A biome (ˈbaɪ.oʊm) is a biogeographical unit consisting of a biological community that has formed in response to the physical environment in which they are found and a shared regional climate. Biomes may span more than one continent. Biome is a broader term than habitat and can comprise a variety of habitats.
While a biome can cover small areas, a microbiome is a mix of organisms that coexist in a defined space on a much smaller scale. For example, the human microbiome is the collection of bacteria, viruses, and other microorganisms that are present on or in a human body.
A biota is the total collection of organisms of a geographic region or a time period, from local geographic scales and instantaneous temporal scales all the way up to whole-planet and whole-timescale spatiotemporal scales. The biotas of the Earth make up the biosphere.
The term was suggested in 1916 by Clements, originally as a synonym for biotic community of Möbius (1877). Later, it gained its current definition, based on earlier concepts of phytophysiognomy, formation and vegetation (used in opposition to flora), with the inclusion of the animal element and the exclusion of the taxonomic element of species composition. In 1935, Tansley added the climatic and soil aspects to the idea, calling it ecosystem.
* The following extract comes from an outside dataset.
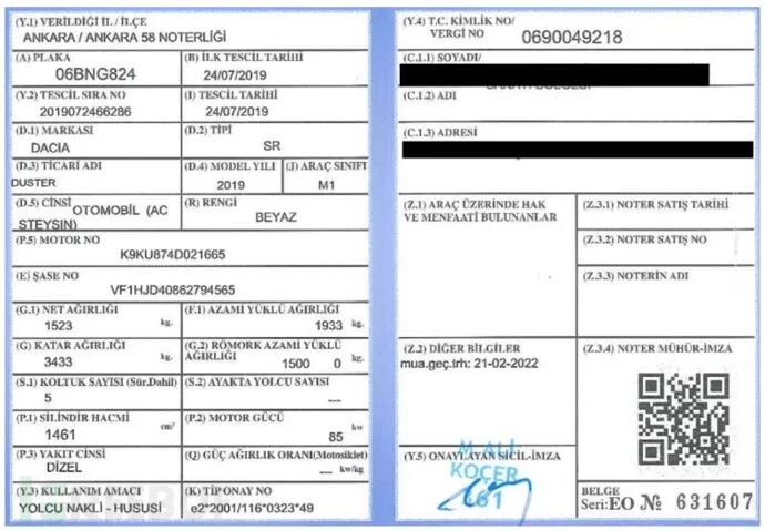 sirket-ruhsat-pdf.exe 会自动尝试打开 BNG 824 ruhsat.pdf 文件,该 PDF 文件是 Dacia Duster 的土耳其车辆登记证书,文档本身完全无害,只是对受害者的诱饵。Sirket-ruhsat-pdf.exe
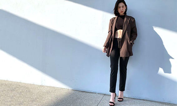 女の子モデル165cmはブラック1(XS_S)号を着用しています。

The International Biological Program (1964–74) projects popularized the concept of biome.
However, in some contexts, the term biome is used in a different manner. In German literature, particularly in the Walter terminology, the term is used similarly as biotope (a concrete geographical unit), while the biome definition used in this article is used as an international, non-regional, terminology—irrespectively of the continent in which an area is present, it takes the same biome name—and corresponds to his "zonobiome", "orobiome" and "pedobiome" (biomes determined by climate zone, altitude or soil).